In the seventeenth and eighteenth centuries, Wall Street was the major commercial thoroughfare in lower Manhattan. The original Dutch settlers in New York built the wall after which the street was named to protect the area from local Indians and the English. By the time of independence, the street was a well-established commercial thoroughfare and also was the site of a local stock market.
Traders met at appointed hours outdoors and in coffeehouses to trade the shares of local banks, insurance companies, and the bonds of the new federal government and New York State. Trading developed quickly but was beset by scandal. The outdoor traders formed a new, more formal marketplace that moved indoors in 1817. That market became the New York Stock Exchange (NYSE). Brokers who did not join remained out-of-doors and became the New York Curb Exchange, later to become the American Stock Exchange.
The NYSE grew quickly with the economy but remained free of government regulation for the first 140 years of its existence. During the nineteenth century it developed a reputation for predatory trading practices by its floor traders. The favorite investment for many was bonds rather than stocks as a result. After World War I, stocks began to attract more investors until the stock market crash of 1929. The results of the crash and the ensuing Depression were profound. Most investors avoided stocks throughout the 1930s and 1940s and only began to return to the market in the latter 1950s. Investor protections found in the Securities Act (1933), the Banking Act (1933), and the Securities Exchange Act (1934), all of which were enacted as a result of the crash and the Depression, provided the underpinnings of Wall Street's growth for the remainder of the century.
Beginning in the 1960s the markets attracted more investors and the era of modern investment began. In the 1980s and early 1990s, changes in regulations allowed individuals to open private retirement accounts and manage their own pensions more freely. As a result the markets began to rise and an increasing number of individuals became exposed to the stock market. The number of mutual funds increased dramatically as well. In the later 1990s trading via the Internet became popular, attracting even more investors to the market who traded for themselves rather than using a traditional stockbroker.
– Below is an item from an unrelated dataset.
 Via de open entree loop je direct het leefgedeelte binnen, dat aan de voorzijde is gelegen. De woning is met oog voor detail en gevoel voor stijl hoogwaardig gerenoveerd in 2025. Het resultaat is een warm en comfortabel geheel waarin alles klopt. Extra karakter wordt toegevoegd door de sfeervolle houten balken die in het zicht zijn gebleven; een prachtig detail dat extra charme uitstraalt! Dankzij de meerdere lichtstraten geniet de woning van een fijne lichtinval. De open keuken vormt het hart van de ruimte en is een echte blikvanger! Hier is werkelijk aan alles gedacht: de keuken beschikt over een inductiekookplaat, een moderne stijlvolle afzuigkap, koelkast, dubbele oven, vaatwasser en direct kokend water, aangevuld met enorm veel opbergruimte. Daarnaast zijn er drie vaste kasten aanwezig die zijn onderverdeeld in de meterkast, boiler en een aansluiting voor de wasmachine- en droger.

Many financial markets are located outside New York, including the options markets and the futures markets, but are still considered part of Wall Street. The name has come to embrace all of the markets, not just those located in New York, and is a synonym for the financial world in general.
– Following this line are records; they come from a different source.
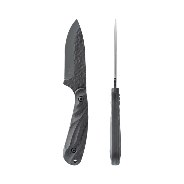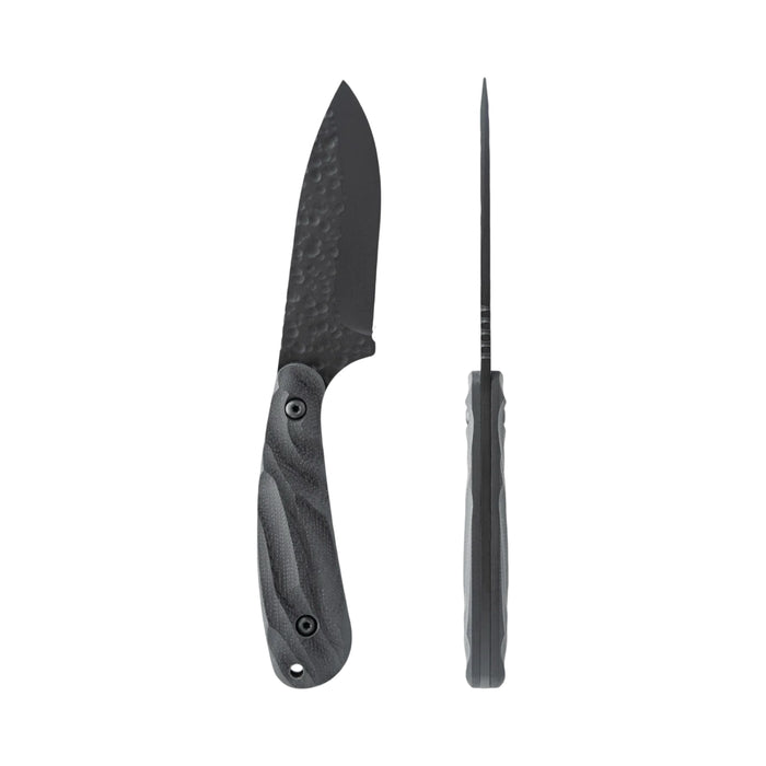 The Fireside Pro is a precision-crafted fixed blade, designed for reliability and style. Featuring a 7-inch overall length with a 3-inch 420 stainless steel blade, finished with a rugged hammered texture and durable PVD coating. The re-ground bevels enhance sharpness and control. Available in Obsidian and Freedom colorways, the Fireside Pro combines functionality with flair. Its matching sheath provides secure, quick access, ensuring your blade is always ready. Ideal for both outdoor and urban adventures, the Fireside Pro is a high-performance knife built to excel in any environment.
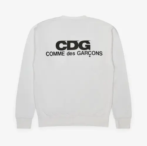 Crafted from high-quality cotton fleece, the CDG Logo Crew Neck Sweatshirt White offers a soft brushed interior that provides warmth without excessive bulk. The structured crew neckline maintains its shape through repeated wear. Ribbed cuffs and hem ensure a secure fit while preserving the garment’s streamlined profile.
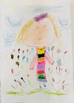 Moja dcérka má 5 rokov a rada maľuje, kreslí, tvorí, lepí, kombinuje, vytvára koláže, kabelky z papiera a iné darčeky pre svojich blízkych.Používa všetky farby. Svoje predstavy a zážitky výtvarne vyjadruje najradšej kreslením. Jej veľkou obľubou je kreslenie rozprávkových hrdinov. Prikladám jeden z nich.
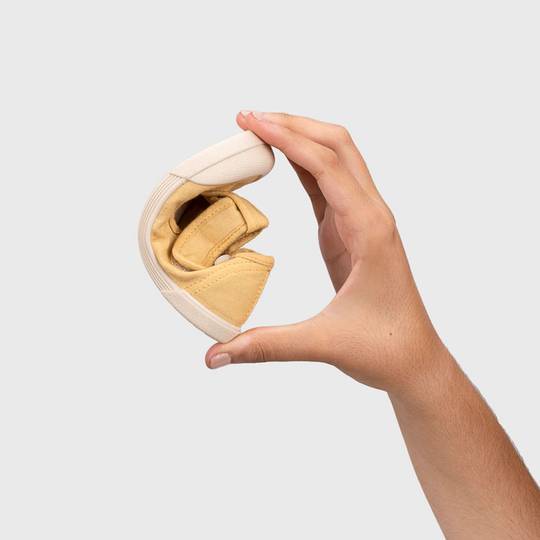 Sabatilla de lona amb doble tancament adherent 100% cotó, de concepte barefoot, zero drop, flexible, toveta i amb plantilla extraïble. Rentar en aigua freda no sense extreure abans la plantilla
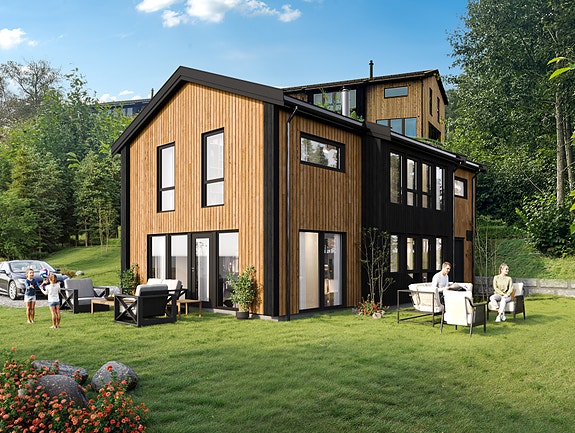 Perspektiver og 3D tegninger er kun av illustrativ karakter og definerer ikke det nøyaktige innhold eller omfanget av leveransen. Dvs. hekker, beplantning, plen, utvendig/innvendig møblering, gjerder mm. er ikke en del av leveransen. Den videre detaljprosjekteringen kan medføre endringer som er nødvendige eller hensiktsmessige.

Despite the growth and importance of the NYSE and the bond markets that also developed on Wall Street, the marketplace remained private, even following government regulation after 1933. The investment banks, securities dealers, and brokers that bring securities to market and trade them are among the nation's most regulated industries but are still private institutions; that is, they are owned by individuals rather than by government agencies. The same is true of the stock markets. Many of those institutions have gone public, selling shares to the public to raise additional capital, necessary for the ever increasing demands for financing. But Wall Street still reflects the basis of American capitalism—private institutions serving the national economy by raising investment funds for industry and government.